Here are eleven cultural artifacts I’m happy to endorse here at the end of 2015. I’ve got four books, five records, one movie, and one Netflix show to share, with minimal commentary.
A Little Life by Hanya Yanagihara
This is not for the faint-at-heart; a friend of mine told me “Be warned. It will shatter you.” And I’ve lately spent a lot of late nights crying and reading and reading and crying. The only reason to set this compulsively readable book down is to contemplate some of Yanagihara’s more beautiful passages. It’s certainly the best book I’ve read in a while, probably since Wolf Hall.
Silver Screen Fiend by Patton Oswalt
This book is funny, yes, and talks a lot about a lot of great movies, yes. But really he’s taking a stab (multiple stabs) and what art is for and why anyone would bother and some of the darker corners of the psyche that lead to this dilemma in the first place.
Not that Kind of Girl by Lena Dunham
I’m not sure I’m the intended audience for this book, but boy did I learn a lot. Lena’s troublesome in some of her actions and statements, but she’s also deeply thoughtful and watching her process and struggle is entertaining and often enlightening.

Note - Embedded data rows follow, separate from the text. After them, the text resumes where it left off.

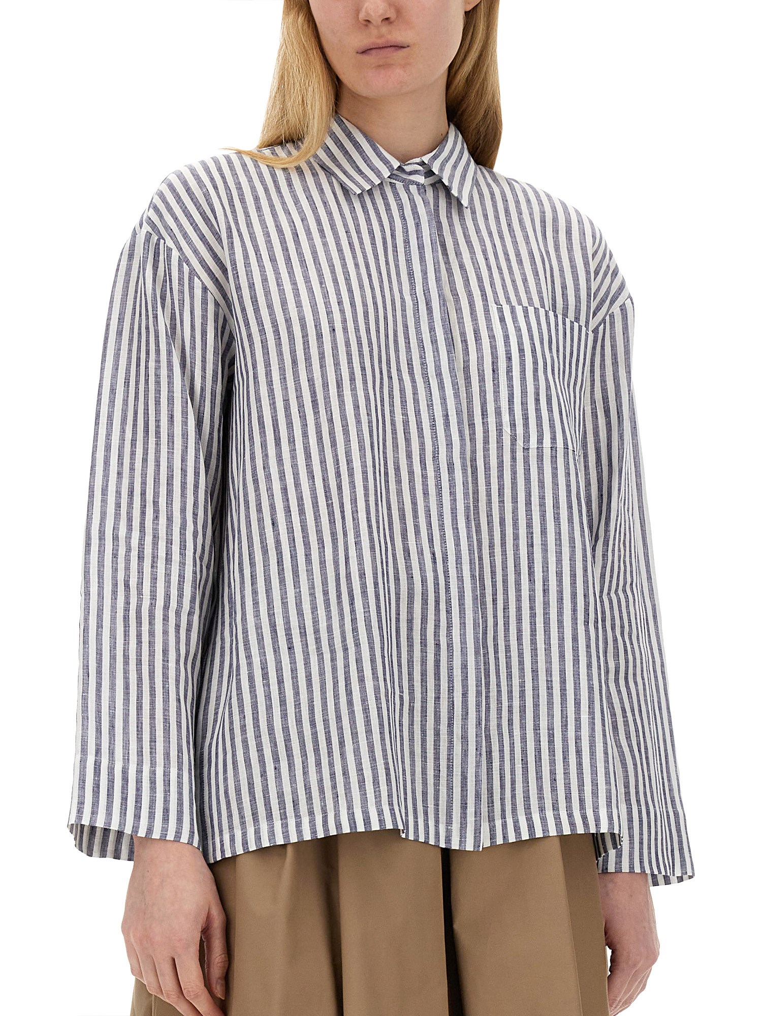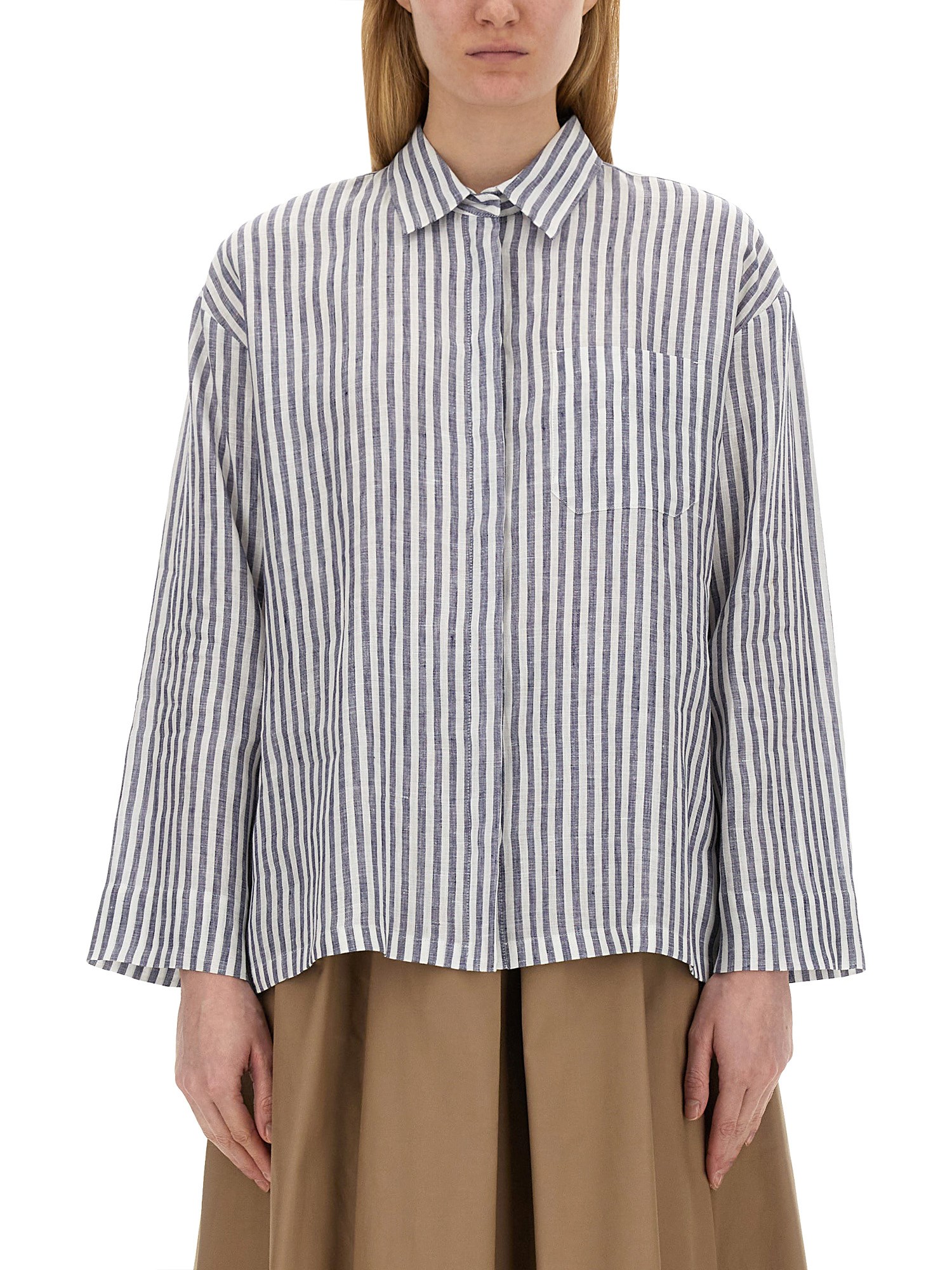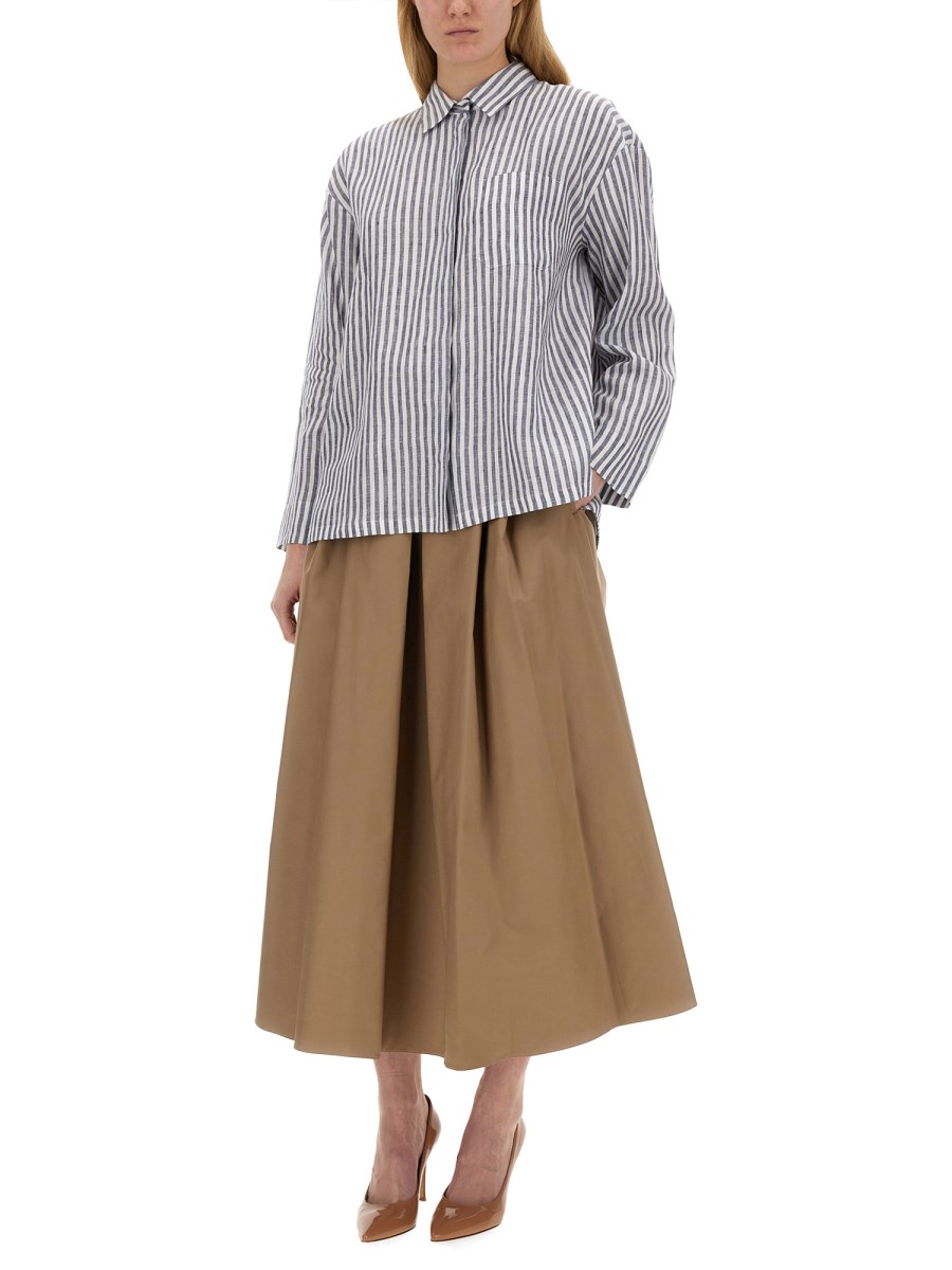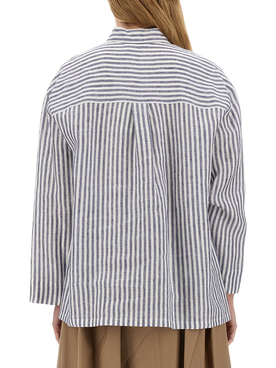 Stay stylish and comfortable this summer with our drawstring waistband navy blue cotton bermuda shorts from Max Mara. Pair them with our multicolour flaxlinen striped shirt for a chic and effortless look that will take you from day to night with ease.
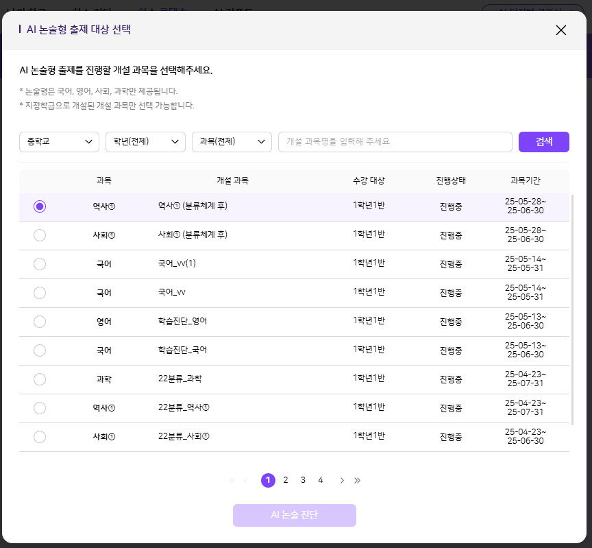 | Description | 문항 > 논술진단 중1 역사1 과목 선택 시 [AI 논술 진단] 버튼이 활성화되지 않는 현상 | ||||
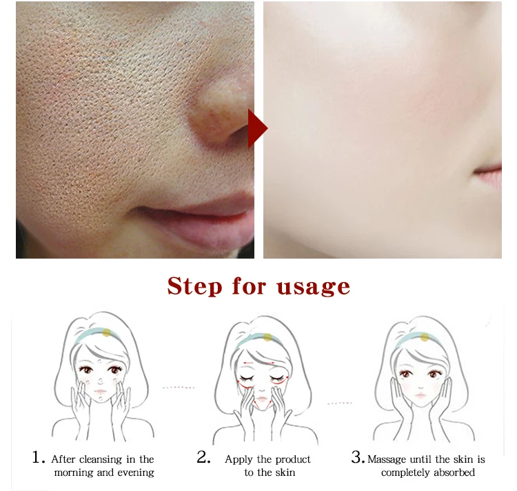 1. После очищения лица и освежения, 2. Нанесите необходимое количество акне, устраняя эссенцию равномерно на область лицевых акне, 3. Погладьте его до впитывания.
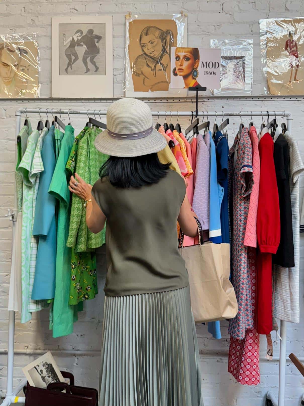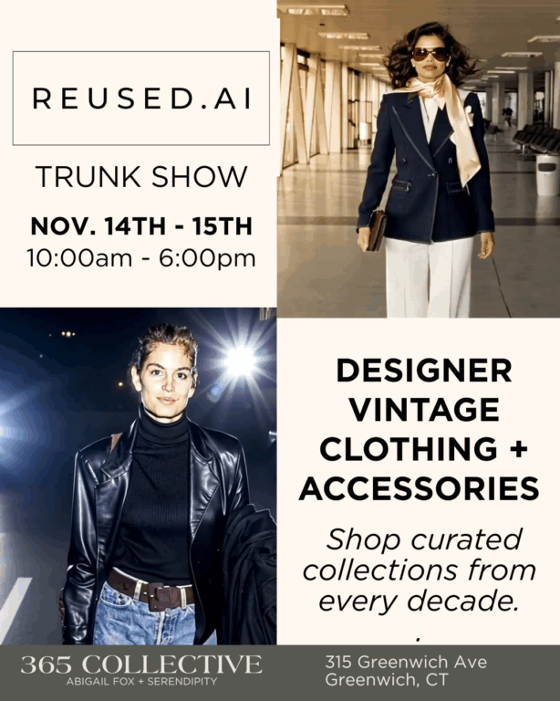 Reused works with local boutiques and venues doing pop ups in New York City and beyond. This Nov. 14 and 15, they will hold a vintage shopping pop-up at 365 Collective at 315 Greenwich Ave., Greenwich, CT. This will be the first time the brand will come to Greenwich and Ksenia has curated a special night for the occasion. “When we move between towns, we learn new preferences and bring new histories to new people,” she says.  “We design every pop-up carefully—from music to scent to how the pieces are arranged—so people can slow down, touch the fabrics and really experience the collection.” For the Greenwich pop up, expect to explore lots of pieces from Reused’s 1960s collection. “We’re so excited for this one,” says Ksenia. “The 60s were all about transformation, and we wanted to capture that energy.” For women, expect a mix of Mod and Hollywood Glam: structured mini dresses, cocktail pieces, sculptural coats and soft beaded shifts. For men, think “old money”: sharp tailoring, cashmere and transitional pieces for the holidays.
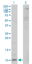 Western Blot analysis of CXCL5 expression in transfected 293T cell line by CXCL5 monoclonal antibody (M03), clone M1.Lane 1: CXCL5 transfected lysate(12 KDa).Lane 2: Non-transfected lysate.
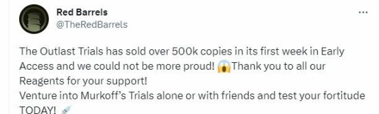 開發商Red Barrels宣佈,19日發售的《逃生 試煉》搶先體驗雙平臺(Steam/Epic)首周銷量突破50萬份。
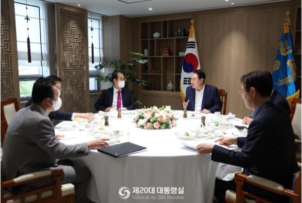 윤석열 대통령과 한덕수 국무총리는 9월 26일 주례회동을 가졌다.
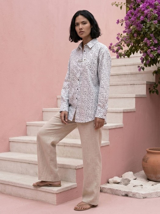 Блуза-рубашка со стояче отложным воротником и центральной застёжкой на петли и пуговицы. Перед с накладным карманом и декоративной деталью с застёжкой на пуговицу. Спинка с отрезной кокеткой и складкой от неё. Рукава втачные с манжетами по низу.

The Book of Strange New Things by Michael Faber
The saddest science-fiction book I’ve read. It’s about a pastor sent into space to minister to a newly encountered race of beings (AKA “aliens.”) Like some of my favorite sci-fi books, the genre trappings are the setting but not the point. This is a meditation on faith and love, deeply mysterious and moving.
Kamasi Washington – The Epic
It’s almost unfair; this is a TRIPLE album of jazz augmented by a blistering imagination. The first track is called “Change of the Guard” and that’s what this is. Whatever modern jazz you’ve been listening to for the last 10 years, forget it. This is a line in the sand and Kamasi has left everyone in the dust.
Courtney Barnett – Sometimes I Sit and Think, And Sometimes I Just Sit
Lou Reed came back as a 28-year-old from Australia with a wicked sense of humor and a killer back-up group.
Four Tet – Morning/Evening
Two tracks: “Morning Side” and “Evening Side.” Use as directed.
Donnie Trumpet & The Social Experiment – Surf
It’s kinda-sorta the new Chance the Rapper album, but he’s just part of the band. This is optimistic hip-hop-funk-gospel-new-jack-southside experimentation and celebration music. Don’t sleep.
Hamilton – Original Cast Recording
Yes, the hip-hop-n-history musical that Mom & Dad know about from “60 Minutes.” That fact that this exists is no surprise. The fact that it’s taken the world by storm like nothing since RENT is astonishing. The music is fantastic, the concepts it’s bringing to the main-stream are even more significant. You can’t afford to see it, so get the record and rap along until it tours the world.
Maybe the most fun night of my year was when Acacia and I ran in to see this at the last minute in a tiny, old theater (Thank you, Barneses.) in Chapel Hill, NC. We laughed like little kids attacked by the Tickle Monster.
Master of None
Aziz can be pretty annoying, but he’s decided to using his modest fame to question everything, and I really respect that. It helps that the show bears more resemblance to an old Woody Allen film than to anything on broadcast TV.